Acessibilidade nas universidades: especialista aponta os desafios e a importância do apoio aos estudantes

Mecanismos práticos e políticas de inclusão e acessibilidade no meio universitário são o foco do papo que batemos com o professor Angelo Masson Hernandes, que lidera o PIPA – o Programa de Intervenção Pedagógica na Aprendizagem da ESPM

 

Sempre que se fala em inclusão no ambiente de aprendizado, não raro o pensamento é o de simplesmente abrir as portas das instituições de ensino. Mas esse, por maior que seja, é apenas o primeiro passo para que a inclusão seja real.

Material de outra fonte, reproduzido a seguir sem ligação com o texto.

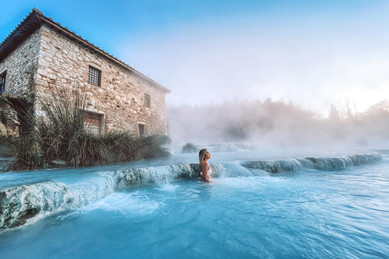 Cascate del Mulino เจ้าบ่อน้ำนี้ เป็นบ่อน้ำพุร้อนธรรมชาติ ตั้งอยู่กลางหุบเขา มาจากลำธารสีฟ้าตกลงมาบนบ่อหินปูนสีขาว ลดหลั่นลงมาเป็นชั้น ๆ แบบที่เห็น มีน้ำแร่และกำมะถันอยู่มาก แช่แล้วรับรองว่ากลิ่นกำมะถันติดตัวทั้งวันเค้าว่ากันว่าช่วยเรื่องในการบำบัดรักษา ที่แช่กันตั้งแต่ยุคสมัยชาวโรมันกันเลยทีเดียว ดูความพีคของเรื่องราวก็ยิ่งทำให้อยากไปแบบสุด ๆ

Ou seja: que proporcione o apoio necessário para garantir que sejam vencidas eventuais dificuldades que surgirem na trajetória de estudantes que tenham o diagnóstico de transtornos de aprendizagem ou dificuldades pontuais em seu desenvolvimento cognitivo. E isso não acontece sem o real envolvimento da instituição e de suas equipes em todos os seus níveis – para muito além das “boas-vindas”.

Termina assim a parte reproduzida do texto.